За что разведчицу из Гостагаевской заживо сожгли в Крыму
«Идёт весна — вспоминаю наш огород, хочется помочь вам, но в этом году не смогу... А, кажется, упала бы на землю, кричала, и целовала бы свою землю. Хоть бы кусочек увидеть своей Родины, как ни хорошо здесь, а где родилась и выросла, самое дорогое». Это было одно из писем Евдокии Федорченко, которое дошло до родных в станицу под Анапой из Крыма. Об этом рассказали в крымском издании «АиФ».
Март 1944 года на полуострове был с привкусом скорых перемен. Утаить, что Красная Армия совсем близко от Крыма, что эта весна станет последней «при оккупантах», было невозможно. Этот день приближало множество людей на самом полуострове: партизаны, подпольщики, разведчики, добывающие важную информацию. И Евдокия Григорьевна Федорченко была одной из них. До 13 апреля — дня освобождения Симферополя, где ей пришлось работать, она не дожила совсем немного.
Родным и друзьям привычнее было называть её Дуся. Да и сама предпочитала такой вариант официальному «Евдокия». Фотокарточку, подаренную близкому человеку до войны, подписала: «На память подруге юных лет Ане от Дуси». А она, по меркам односельчан, была уже не девчонкой — женой, мамой полугодовалого сына. Счастливым для темноглазой женщины был 1938 год.

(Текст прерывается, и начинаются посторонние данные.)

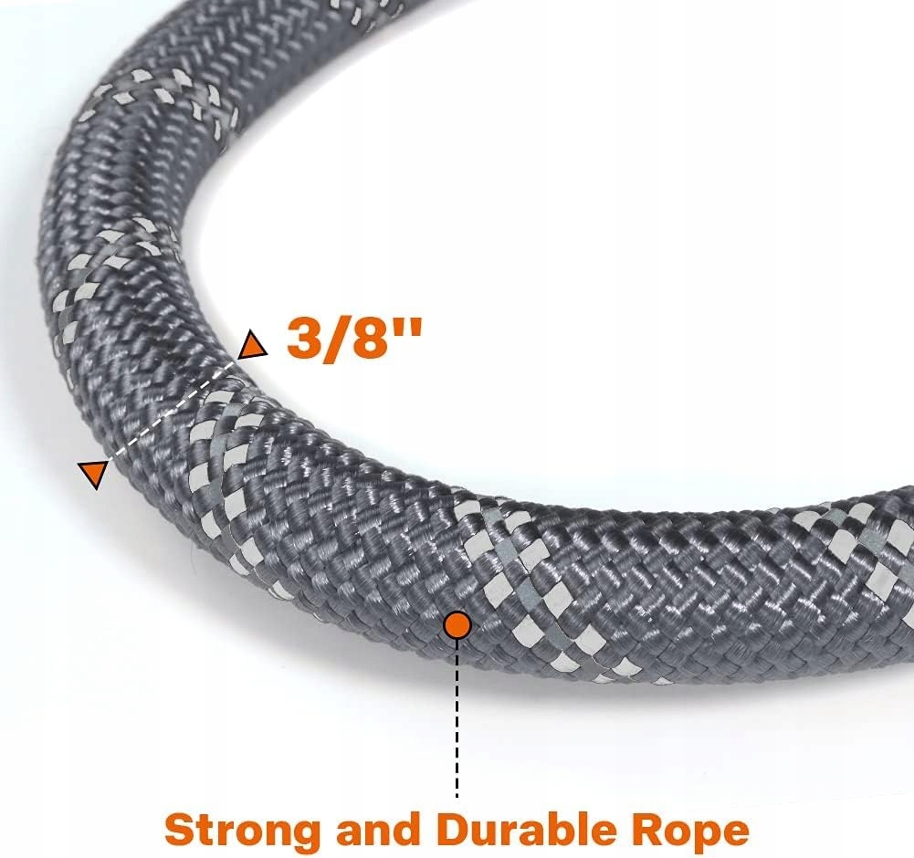 Trwałość i bezpieczeństwo: Smycz Taglory składa się z liny wspinaczkowej o grubości 1,0/1,2 cm i jest wzmocniona plecionym wzorem, który nie pozwala psom łatwo się uwolnić

Выросла Дуся в станице Гостагаевской на Кубани. В семье росло пятеро детей — старший сын и четыре девчонки. Евдокия была из таких, кто жизнь свою видит только там, где родной дом. Учиться пошла в Анапский сельхозтехникум, там встретила будущего мужа — Ивана Федорченко. Поженились, родился сын Эрнест — назвали в честь Тельмана, вождя немецких коммунистов. Дуся дружила с одноклассницей из семьи обрусевших немцев, где сохранили язык и культуру, да и в школе изучала немецкий и, имея талант к языкам, освоила его отлично.
А когда началась война, отправились из Гостагаевской на фронт мужчины, ушёл воевать Иван, Дуся сама явилась в военкомат. Знание немецкого оказалось тем козырем, от которого не отмахнулись там. Но на фронт в качестве переводчика не отправили. Федорченко получила своё задание, для которого не нужны были форма, погоны и оружие: её, по мнению родных, оставили в станице и «подвели» в качестве переводчика в немецкую комендатуру.
Три года дусиной жизни родным известны «пунктиром» - отдельными эпизодами и фактами, между которыми - предположения и догадки.
«Моя тётя Майя, которой в начале оккупации было три года, рассказывала, что помнит, как её и Эрика, сына Дуси, водила в комендатуру старшая сестра Евдокии, — поделилась внучатая племянница Евдокии Федорченко Ирина Ковалёва. — И из комендатуры Дусю не выпускали, она там находилась постоянно. Но позволяли у входа буквально на пять минут встретиться с родными, увидеть сына. Мне, конечно, интересно, как был налажен канал связи — как-то же она передавала связным информацию. Но об этом ничего не удалось выяснить».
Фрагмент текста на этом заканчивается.